Tantalizingly, the spectacular promise of the exhibit itself is just the beginning of what the Autry has in store for buffs during this Summer of Sergio. In conjunction with the Autry Museum’s presentation, the Alex Film Society will be screening the restored three-hour Italian version of The Good, the Bad and the Ugly (with added scenes dubbed in English by Clint Eastwood and Eli Wallach) at the beautiful Glendale movie palace, the Alex, on July 23 at 7:00 p.m. (The Society’s Web site offers the conflicting information that the restored print being shown runs the length of the American release version— 161 minutes— but information available at the theatre itself confirms the 180-minute running time.) The screening will be preceded by a live performance from musician Alessandro Alessandroni, “the Whistler,” who recorded on Leone’s original soundtracks, as well as an introduction by Autry exhibit cocurator Sir Christopher Frayling, Rector at the Royal College of Art in London, chair of the Arts Council England, and author of Sergio Leone: Something to Do With Death, who will speak about Leone's films and his legacy. Of course, in the age of DVD and the home theater revolution, any opportunity to see The Good, the Bad and the Ugly on the big screen should be seized upon, and if you’re never seen a movie, classic or otherwise, at the Alex, I can’t imagine a better introduction to this spectacular showcase. If you are already familiar with the luxurious splendor of the Alex, no further prompting should be necessary. General admission tickets are $13.50, $9.50 for kids 12 and under, seniors 65 and older or groups of 10 or more, and $7 for Alex Film Society members, and are available daily at the Alex box office or by clicking here.

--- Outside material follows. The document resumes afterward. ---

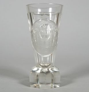 Ende 19. Jh., farbloses Glas, in der Wandung Freimaurersymbole und Eigentümermonogr AM sowie am Stand bez “ Br Aug Poetter s. l. Freunde und Br. A Müller zum Andenken an seine Meisterbeförderung September 1899″, gekugelter Abriss, H. 15,5 cm, min Gebrauchsspuren (ex-Coll Crusius/Bremen)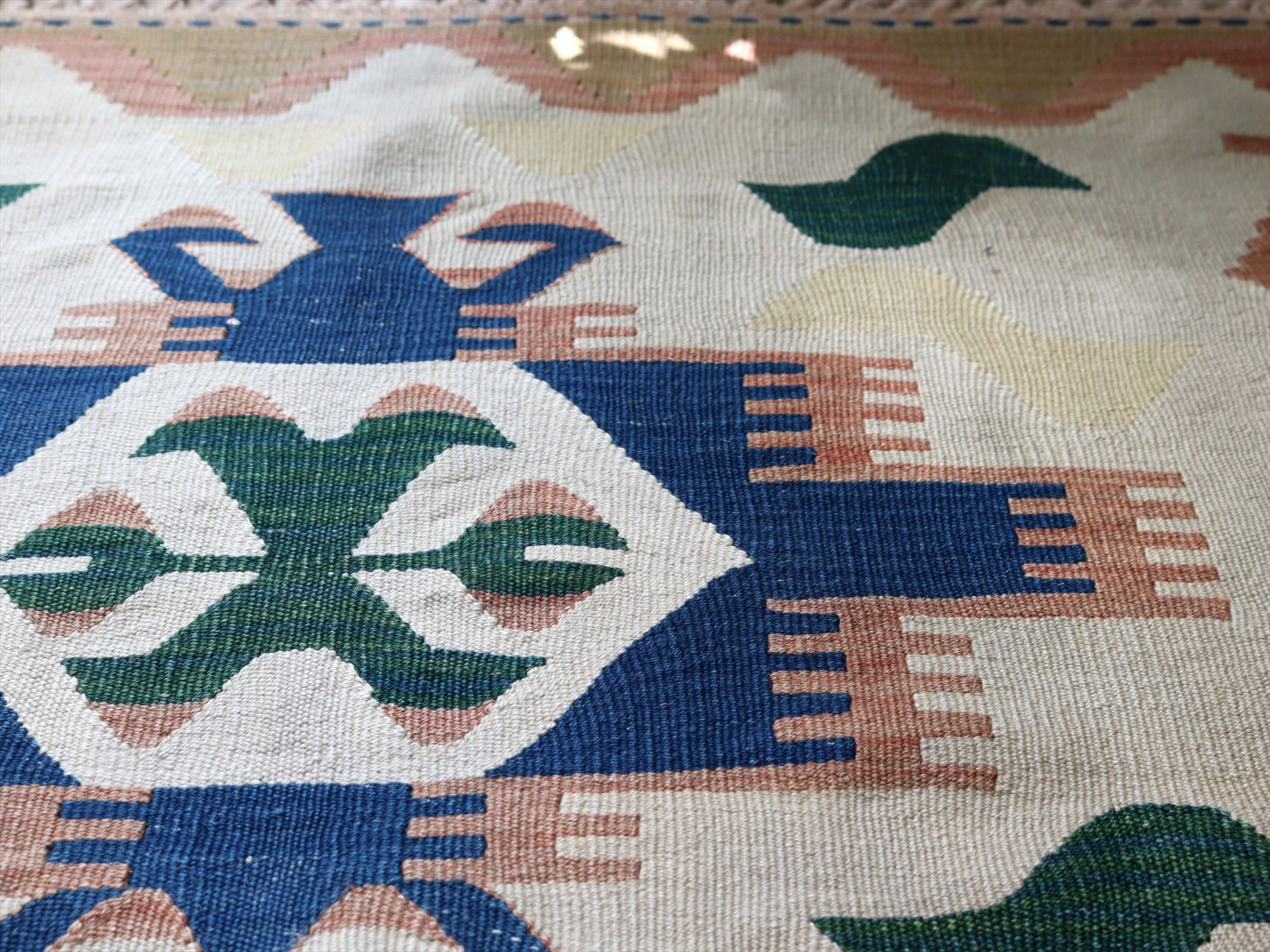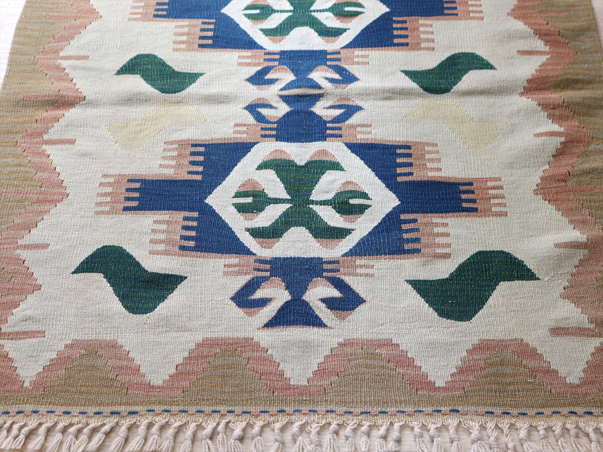 トルコの手織りキリム ウシャク112×91cm 狼の口 ベージュ

But, as they used to say on those late-night Ronco TV commercials, that’s not all. There will also be one-night only screenings of Once Upon a Time in the West (Wednesday, July 27, 8:00 pm.) and Once Upon a Time in America (Thursday, July 28, 8:00 p.m.) at the Arclight Cinemas in Hollywood. You can click here or here for further information on these screenings, though as of this writing (Sunday, June 5) none seems to have yet been posted. If you’re interested in either of these screenings (and you should be), keep checking and get your tickets as early as possible, because these special screenings at the Arclight tend to sell out fast, like hot rock concerts. And in case you missed them earlier in the week at the Alex, Mssrs. Alessandroni and Frayling will be at the Autry’s Wells Fargo Theater on Saturday, July 30 at 2:00 p.m. to introduce, in their own ways, a screening of A Fistful of Dollars. Admission is $10, $5 for Autry National Center members, and are available by clicking here.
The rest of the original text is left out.